Variation of contractile strain ratio of Ti-3Al-2.5V tubes and its effects in tubes numerical control bending process

The rapid development of high-technology fields, such as aviation and aerospace engineering, leads to the increased demand for lightweight and high-strength bent tubes due to their desirable properties. However, these tubes are of clear anisotropy. The anisotropy of tubes is usually described in terms of the contractile strain ratio (CSR). The current method to determine CSR can only be applied to cases of small uniform plastic deformation. This makes it difficult to obtain the variation in CSR during the plastic forming processes in which large plastic deformation usually occurs.
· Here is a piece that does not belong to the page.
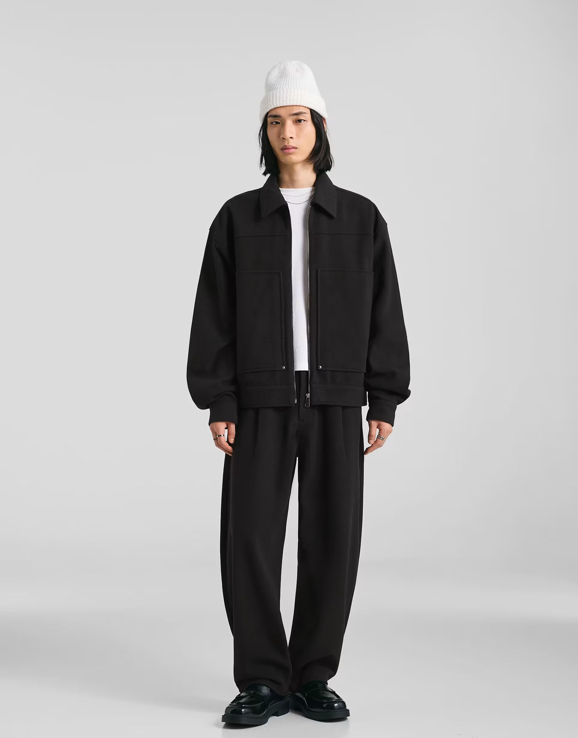 The Bershka Balloon-fit flannel trousers in black are designed for a relaxed yet stylish look. Crafted with a balloon-fit silhouette, these trousers feature a button and zip closure for a secure fit.

Considering that the circumferential strain and axial strain can be directly and continuously obtained using the Digital Speckle Correlation Method (DSCM), this study proposed a new method based on the DSCM for determining CSR values over a large deformation range. Using this method, small gage lengths can be flexibly adopted to obtain a uniform plastic deformation as large as possible. To improve the precision of the method, elastic deformation was compensated theoretically, and varied values of Young's modulus with deformation were adopted. Using this method, the CSR of Ti-3Al-2.5V (ASTM Gr. 9) titanium alloy seamless tubes, which are typical anisotropic tubes, was observed varying with plastic deformation in that it decreased rapidly in the initial stage, then decreased slowly until stabilizing in the final stage. The variation can be expressed approximately as a second-order decay equation. The results of this study also show that the variation of CSR is sensitive to the values of Young's modulus and Poisson's ratio, therefore, varied values of Young's modulus and reliable Poisson's ratio should be adopted to improve precision. By embedding the variation in CSR with deformation into the finite element (FE) simulation for the numerical control (NC) bending of Ti-3Al-2.5V seamless tubes, the predication accuracy for the thinning degree of wall thickness, the flattening degree of the cross-section, and the springback angle can all be improved.